[Abstract] Energy consumption is a significant and controllable component of a company's product costs, and reducing energy consumption is a crucial way for companies to lower costs. This article introduces the application of Siemens PLC and fieldbus in the energy monitoring and management system of a cigarette factory, detailing the system's hardware and software design, as well as the communication network connection.
I. Project Overview
Energy consumption is a significant and controllable component of a company's product costs, and reducing energy consumption is a crucial way for companies to lower costs. The tobacco industry has always been a major energy consumer. With the large-scale introduction of advanced foreign technologies and complete sets of equipment, cigarette production has evolved from slow, manual production to high-speed, fully automated production, leading to ever-increasing energy demands. Therefore, reducing energy consumption and rationally allocating energy will directly improve production efficiency. General Tobacco Group Co., Ltd., established in 1993 and located in Jinan, Shandong Province, is a diversified, cross-regional, cross-industry, and cross-border enterprise group with tobacco as its core business. Its core enterprise, Jinan Cigarette Factory, possesses the world's most advanced cigarette equipment and industry technology center.
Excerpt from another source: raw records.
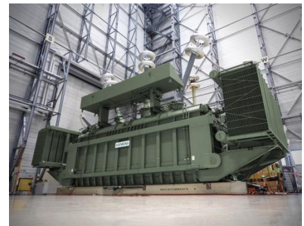
Variable shunt reactor in the test bay.

Up to now, two units have been successfully manufactured and tested. The first unit was commissioned in 2016. More units are in Siemens' order backlog for 2018 and 2019.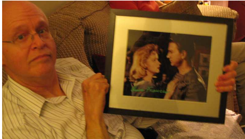
A Renaissance man of many values and interests!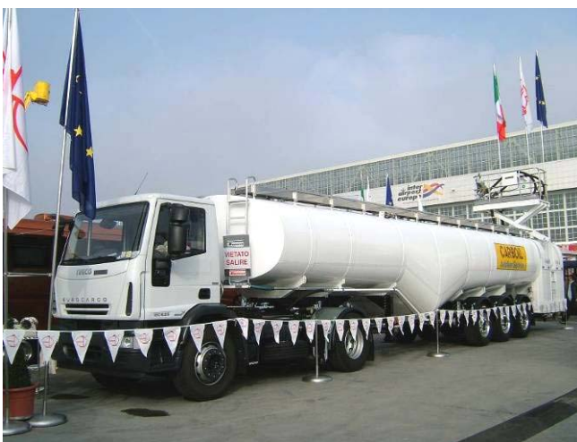
Aircraft refueller with capacity of 40000 litres, refuelling unit on rear side with elevating platform, flow rate up to 2500 lpm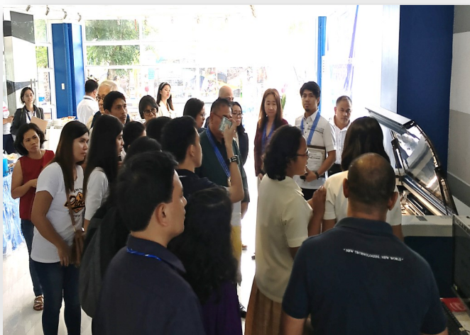
Demonstration of the CO2 Laser Cutter and Engraver

The company currently has over 5,000 employees and total assets of 7.3 billion yuan, and is one of the 36 key enterprises in the national tobacco industry.
This energy monitoring system is mainly used to monitor, statistically analyze, report, and print energy consumption data for various departments of the Jinan Cigarette Factory. The main monitoring parameters include electricity, water, steam, and compressed air for all departments throughout the factory.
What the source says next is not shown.